A PL/SQL trigger is a construct in PL/SQL that runs or "triggered" on event of changes being made to a table in the database. The triggering event is a INSERT, UPDATE or DELETE done on a table. The trigger can be made so it can be "fired" either BEFORE or AFTER the Data Manipulation Language is executed.
>A database trigger is a block of code that is automatically executed in response to
certain events.
>Triggers are executed implicitly whenever the triggering event happens.
>The triggering event is an INSERT, DELETE, or UPDATE command.
>The timing can be either BEFORE or AFTER, INSTEAD OF trigger.

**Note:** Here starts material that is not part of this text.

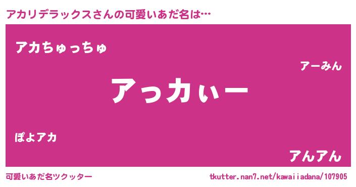 | 男性向けラノベタイトル風あだ名 | 『アカリデラックスに滅ぼされるだけの簡単なお仕事です』 |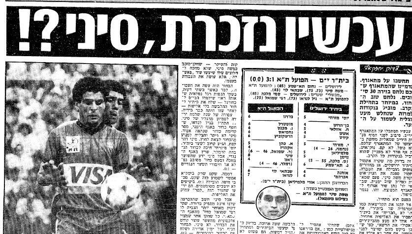 אלא שהמעידה הייתה כולה תוצרת ירושלים. אלי אוחנה נגח בדקה ה-22 למשקוף וסמי מלכה רשם החמצה מסמרת שיער בדקה ה-62, ואז נכנס לפעולה משה סיני. בדקה ה-72 חטף גילי לנדאו כדור באגף הימני, מסר קדימה לשום מקום, אבל סיני לא ויתר והצליח להציל את הכדור לפני שהוא יוצא לחוץ. הקשר התקרב לשער, וכשהשוער יוסי מזרחי ציפה להגבהה לדב רמלר, החליט סיני להפתיע וסובב נפלא לחיבור הנגדי. שקט השתרר בימק"א: האוהדים ידעו שמכבי חיפה מובילה 0:1 ביהוד, והאליפות הולכת ומתרחקת מירושלים. שתי דקות עברו, ורפי שמואל פרץ באגף שמאל, הגביה לכיוונו של סיני, שהניף רגל ימין אדירה ושלח את הכדור לחיבורים. הדקות האחרונות כבר היו גארבג'-טיים, כששבתאי לוי קבע 0:3 קליל, והשער המצמק של נחום תא-שמע כבר לא ניחם אף אחד.

The trigger can be either row-level or statement-level, where the former fires once for
each row affected by the triggering statement and the latter fires once for the whole
statement.
You can write triggers that fire whenever one of the following operations occurs:
- DML statements (INSERT, UPDATE, DELETE) on a particular table or view,issued by any user
- DDL statements (CREATE or ALTER primarily) issued either by a particular schema/user or by any schema/user in the database
- Database events, such as logon/logoff, errors, or startup/shutdown, also issued either by a particular schema/user or by any schema/user in the database
A trigger has three basic parts:
- A triggering event or statement
- A trigger restriction
- A trigger action
Example of PL/SQL trigger
In the below example line 2 is A triggering event or statement, lines 4-9 are A trigger action.
Example of creating a trigger based on the following two tables:
CREATE TABLE T1 (a INTEGER);
CREATE TABLE T2 (b INTEGER);
We will create a trigger that may insert a tuple into T2 when a tuple is inserted into T1. The trigger checks if the inserted row in T1 is has a value less than 5 only then a tuple is inserted in T2.
CREATE TRIGGER tr1
AFTER INSERT ON T1
REFERENCING NEW AS newRow
FOR EACH ROW
WHEN (newRow.a <= 5)
BEGIN
INSERT INTO T2 VALUES(:newRow.a);
END tr1;
run;
Different types of triggers can be:
Row Triggers and Statement Triggers: A statement trigger is fired once on behalf of the triggering statement, regardless of the number of rows in the table that the triggering statement affects. A row trigger fires once for each row affected by the triggering event.
BEFORE and AFTER Triggers: BEFORE triggers run the trigger action before the triggering statement is run. AFTER triggers run the trigger action after the triggering statement is run.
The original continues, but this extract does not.